----- STORED DATA

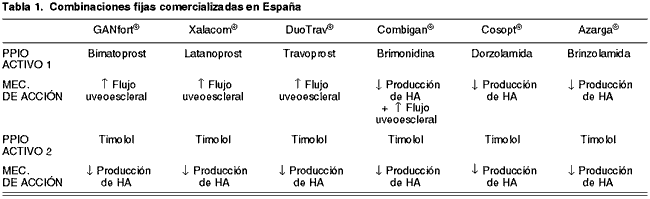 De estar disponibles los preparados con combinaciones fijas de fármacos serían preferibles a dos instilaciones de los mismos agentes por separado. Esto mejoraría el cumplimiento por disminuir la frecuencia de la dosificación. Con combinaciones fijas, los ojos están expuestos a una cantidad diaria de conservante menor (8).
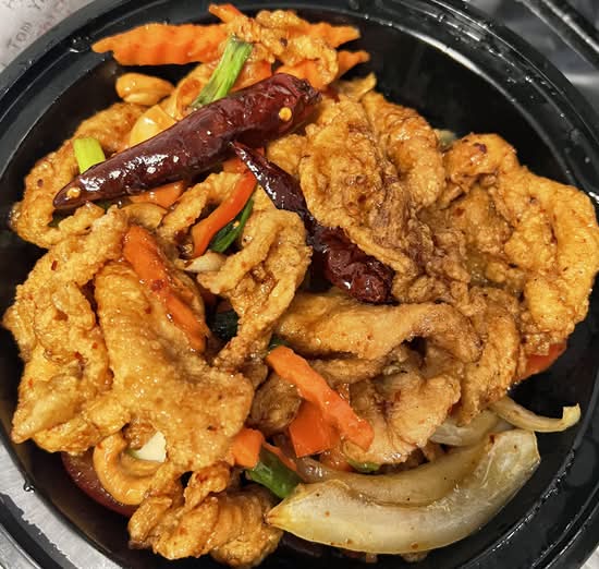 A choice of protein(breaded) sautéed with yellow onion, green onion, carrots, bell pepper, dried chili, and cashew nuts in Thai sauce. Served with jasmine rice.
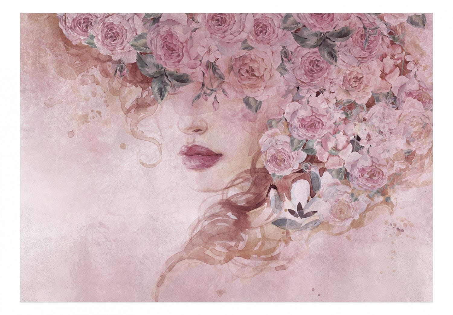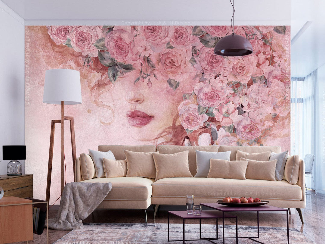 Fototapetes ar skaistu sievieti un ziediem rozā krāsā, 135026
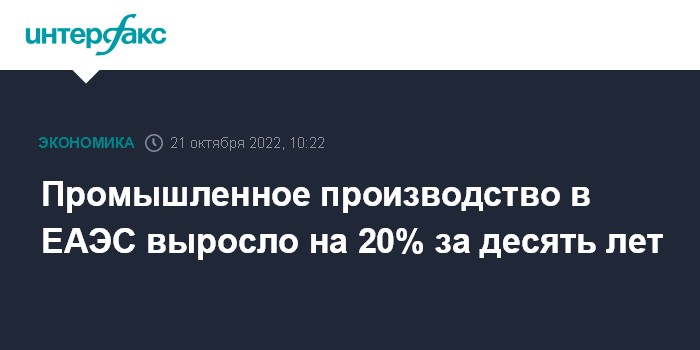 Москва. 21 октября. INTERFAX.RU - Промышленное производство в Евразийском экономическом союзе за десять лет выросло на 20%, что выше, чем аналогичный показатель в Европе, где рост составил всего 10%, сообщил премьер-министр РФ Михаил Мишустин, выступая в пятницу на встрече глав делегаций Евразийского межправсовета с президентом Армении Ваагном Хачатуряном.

----------

▸ **YOUR INSTRUCTIONS**
Restate the listing word for word. Pictures do not belong in the copy.

▸ **SOLUTION**
 De estar disponibles los preparados con combinaciones fijas de fármacos serían preferibles a dos instilaciones de los mismos agentes por separado. Esto mejoraría el cumplimiento por disminuir la frecuencia de la dosificación. Con combinaciones fijas, los ojos están expuestos a una cantidad diaria de conservante menor (8).
 A choice of protein(breaded) sautéed with yellow onion, green onion, carrots, bell pepper, dried chili, and cashew nuts in Thai sauce. Served with jasmine rice.
 Fototapetes ar skaistu sievieti un ziediem rozā krāsā, 135026
 Москва. 21 октября. INTERFAX.RU - Промышленное производство в Евразийском экономическом союзе за десять лет выросло на 20%, что выше, чем аналогичный показатель в Европе, где рост составил всего 10%, сообщил премьер-министр РФ Михаил Мишустин, выступая в пятницу на встрече глав делегаций Евразийского межправсовета с президентом Армении Ваагном Хачатуряном.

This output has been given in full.